Most significantly, they recorded The Lion’s Roar in Omaha, Nebraska, with Mike Mogis, the producer of the first band they became obsessed with, Bright Eyes. Their music had hitherto been made in a bedroom with a microphone and a computer, and The Lion’s Roar hit a new level. The focus remains on the girls’ devastatingly beautiful harmonies and powerful storytelling, but their songs are lifted by a full band and vocals from Bright Eyes’ Conor Oberst.

That year they toured non-stop to meet demand, criss-crossing the globe and playing almost 150 shows to increasingly large audiences. “The performing never tires me but all the stuff around it does,” says Johanna. “Such as all the interviews,” adds Klara. It’s a joke and they’re laughing, although there’s clearly more than a grain of truth in it. Klara says that having dad on tour (“He does our sound – he doesn’t just follow us making sure we don’t misbehave!”) helps fend off homesickness. “Sometimes I’m onstage and I think about how I’m having a great time and yet this is my job,” says Johanna. “I mean, how could this possibly be?”

The heavy touring paid off. As well as the Nordic Music Prize, The Lion’s Roar found its way onto numerous best-of-year lists, while Emmylou was included in Rolling Stone’s top 10 songs of the year. The track pays homage to four of the girls’ American musical heroes (“I’ll be your Emmylou and I’ll be your June, if you’ll be my Gram and my Johnny too”), but it’s also about Sweden (“Stockholm’s cold but I’ve been told I was born to endure this kind of weather”).

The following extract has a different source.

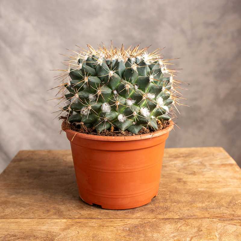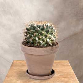 Mammillaria albata var. sanciro to wyjątkowo ozdobny kaktus, wyróżniająca się drobnymi cierniami, które gęsto pokrywają całą roślinę, nadając jej niemal puszysty wygląd. Ta niewielka roślina, o kulistym lub lekko wydłużonym pokroju, idealnie nadaje się na słoneczne i ciepłe parapety. Preferuje dobrze przepuszczalne, mineralne podłoże i dużo słońca. W okresie kwitnienia wytwarza delikatne, różowe lub jasnofioletowe kwiaty, które pojawiają się w okółkach na szczycie rośliny, tworząc piękny kontrast z jej srebrzystą powierzchnią.

“The seasons changing so rapidly drastically affects your mood and that gets into our songs,” says Klara, who normally takes the lead when it comes to writing. “We’re spotting the weather references in our new songs – there’s lots of winter,” Johanna adds, before saying she doesn’t think their music is necessarily American or Swedish: “Some people say our sense of melancholy is Swedish, but we play country music and country is the most depressing music.”

A couple of short tours are booked for the near future (they’re in Copenhagen, Berlin and Munich in January), but the focus now is on writing their third album, which they say will contain their most personal songs yet. “It’s becoming easier to write about ourselves as we get older and more confident,” explains Johanna.

A year before they sung for Paul Simon, First Aid Kit performed at the same Stockholm concert hall at the same prize ceremony. The prize in 2011 went to Patti Smith, a punk survivor famously tough as nails. But when she saw the sisters from Enskede singing her 1979 single, Dancing Barefoot, tears rolled down her cheeks.

Perhaps it is something to do with the cold, dark Swedish winters. Or maybe it’s an extraordinary talent for channelling a century of American folk and country music; a legacy of loss, loneliness and suffering that shouldn’t sound so natural coming from people so young. Either way, these sisters who’ve laughed and smiled through much of our interview sure have a knack for making people weep.